* [Exercise aim]
Restrict the output to the lines below starting at the one that contains "GESPO Mens Full" and ending at the one that contains "這是一張拼版照片,上圖為:2", and restate them word for word, both ends included.

* [Supplied data]
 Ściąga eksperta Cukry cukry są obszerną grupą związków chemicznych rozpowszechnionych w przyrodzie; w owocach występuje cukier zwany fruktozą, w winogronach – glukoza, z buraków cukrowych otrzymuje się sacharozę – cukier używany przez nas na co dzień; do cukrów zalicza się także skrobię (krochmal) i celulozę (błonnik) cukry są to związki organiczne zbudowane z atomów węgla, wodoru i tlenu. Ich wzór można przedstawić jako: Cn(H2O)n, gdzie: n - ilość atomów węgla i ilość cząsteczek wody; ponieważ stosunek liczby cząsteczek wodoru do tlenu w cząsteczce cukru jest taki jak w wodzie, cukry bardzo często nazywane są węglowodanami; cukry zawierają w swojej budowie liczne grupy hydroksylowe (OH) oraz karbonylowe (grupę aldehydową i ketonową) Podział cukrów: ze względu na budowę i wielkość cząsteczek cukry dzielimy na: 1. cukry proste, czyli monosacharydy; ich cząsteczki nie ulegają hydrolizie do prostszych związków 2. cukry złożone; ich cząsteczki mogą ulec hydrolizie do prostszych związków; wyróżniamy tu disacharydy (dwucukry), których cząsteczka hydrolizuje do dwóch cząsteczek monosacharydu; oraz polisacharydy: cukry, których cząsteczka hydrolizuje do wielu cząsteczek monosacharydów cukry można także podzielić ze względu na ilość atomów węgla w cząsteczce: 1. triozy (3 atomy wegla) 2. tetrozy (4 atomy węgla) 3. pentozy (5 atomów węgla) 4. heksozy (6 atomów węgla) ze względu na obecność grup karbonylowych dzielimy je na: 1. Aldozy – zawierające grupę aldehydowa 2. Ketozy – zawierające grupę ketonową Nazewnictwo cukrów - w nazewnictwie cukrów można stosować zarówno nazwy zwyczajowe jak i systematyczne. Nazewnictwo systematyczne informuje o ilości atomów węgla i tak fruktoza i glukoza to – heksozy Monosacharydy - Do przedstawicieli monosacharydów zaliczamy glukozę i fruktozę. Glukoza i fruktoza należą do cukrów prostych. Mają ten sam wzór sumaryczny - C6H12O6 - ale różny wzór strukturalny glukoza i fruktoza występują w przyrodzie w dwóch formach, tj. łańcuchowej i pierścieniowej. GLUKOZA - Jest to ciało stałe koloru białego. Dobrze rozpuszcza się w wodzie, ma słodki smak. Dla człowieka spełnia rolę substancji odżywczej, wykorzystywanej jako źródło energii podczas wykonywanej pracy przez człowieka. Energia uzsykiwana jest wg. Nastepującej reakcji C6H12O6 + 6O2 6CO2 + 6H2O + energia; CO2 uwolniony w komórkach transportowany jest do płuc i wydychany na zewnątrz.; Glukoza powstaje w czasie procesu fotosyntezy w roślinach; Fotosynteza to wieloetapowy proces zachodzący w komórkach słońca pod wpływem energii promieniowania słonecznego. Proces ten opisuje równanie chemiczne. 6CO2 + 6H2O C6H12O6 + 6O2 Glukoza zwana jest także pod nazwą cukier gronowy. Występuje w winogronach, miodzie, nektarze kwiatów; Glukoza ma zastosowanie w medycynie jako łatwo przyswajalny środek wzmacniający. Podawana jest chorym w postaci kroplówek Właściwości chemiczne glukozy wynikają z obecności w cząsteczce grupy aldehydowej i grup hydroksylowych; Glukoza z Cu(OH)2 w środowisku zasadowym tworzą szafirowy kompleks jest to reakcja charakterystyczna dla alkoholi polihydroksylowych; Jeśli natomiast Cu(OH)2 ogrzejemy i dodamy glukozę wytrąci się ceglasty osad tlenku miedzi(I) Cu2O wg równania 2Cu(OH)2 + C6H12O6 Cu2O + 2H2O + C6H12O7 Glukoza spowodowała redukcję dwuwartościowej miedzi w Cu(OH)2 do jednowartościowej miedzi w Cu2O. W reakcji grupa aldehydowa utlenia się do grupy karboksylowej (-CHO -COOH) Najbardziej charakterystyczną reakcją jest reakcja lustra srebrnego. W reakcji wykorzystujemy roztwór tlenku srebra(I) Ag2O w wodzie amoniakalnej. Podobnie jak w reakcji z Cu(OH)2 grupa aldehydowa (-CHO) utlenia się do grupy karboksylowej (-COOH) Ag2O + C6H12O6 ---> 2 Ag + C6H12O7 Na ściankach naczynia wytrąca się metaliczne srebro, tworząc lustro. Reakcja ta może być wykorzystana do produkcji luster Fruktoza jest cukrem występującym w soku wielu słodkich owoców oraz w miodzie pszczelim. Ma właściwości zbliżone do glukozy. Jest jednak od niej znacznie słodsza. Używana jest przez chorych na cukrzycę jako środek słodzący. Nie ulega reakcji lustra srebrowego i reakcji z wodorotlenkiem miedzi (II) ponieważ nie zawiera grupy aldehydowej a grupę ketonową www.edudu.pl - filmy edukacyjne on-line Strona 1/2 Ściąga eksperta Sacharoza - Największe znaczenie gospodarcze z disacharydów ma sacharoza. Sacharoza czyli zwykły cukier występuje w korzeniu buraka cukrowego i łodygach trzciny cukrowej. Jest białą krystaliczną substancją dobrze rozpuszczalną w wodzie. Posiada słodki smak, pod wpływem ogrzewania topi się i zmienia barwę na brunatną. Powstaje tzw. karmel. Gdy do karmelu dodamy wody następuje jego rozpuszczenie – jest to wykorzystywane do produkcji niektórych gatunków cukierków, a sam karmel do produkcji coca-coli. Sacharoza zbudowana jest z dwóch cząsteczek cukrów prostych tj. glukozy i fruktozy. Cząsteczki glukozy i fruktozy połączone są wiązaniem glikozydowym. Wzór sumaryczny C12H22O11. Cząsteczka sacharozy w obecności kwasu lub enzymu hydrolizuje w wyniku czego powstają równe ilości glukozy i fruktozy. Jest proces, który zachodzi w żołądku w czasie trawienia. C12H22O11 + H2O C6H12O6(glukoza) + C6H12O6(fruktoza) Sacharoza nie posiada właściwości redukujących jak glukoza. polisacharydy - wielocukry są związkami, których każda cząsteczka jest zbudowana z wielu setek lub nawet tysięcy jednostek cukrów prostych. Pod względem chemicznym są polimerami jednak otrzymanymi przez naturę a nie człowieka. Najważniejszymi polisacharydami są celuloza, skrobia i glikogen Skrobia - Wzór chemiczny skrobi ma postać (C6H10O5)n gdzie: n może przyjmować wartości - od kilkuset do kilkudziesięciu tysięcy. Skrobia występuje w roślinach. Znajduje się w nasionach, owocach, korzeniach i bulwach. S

* * *

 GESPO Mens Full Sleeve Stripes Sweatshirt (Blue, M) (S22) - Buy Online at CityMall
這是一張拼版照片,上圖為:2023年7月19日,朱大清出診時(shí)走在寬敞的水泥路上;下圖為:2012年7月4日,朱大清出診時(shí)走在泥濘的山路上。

* [Response to this task]
 GESPO Mens Full Sleeve Stripes Sweatshirt (Blue, M) (S22) - Buy Online at CityMall
這是一張拼版照片,上圖為:2023年7月19日,朱大清出診時(shí)走在寬敞的水泥路上;下圖為:2012年7月4日,朱大清出診時(shí)走在泥濘的山路上。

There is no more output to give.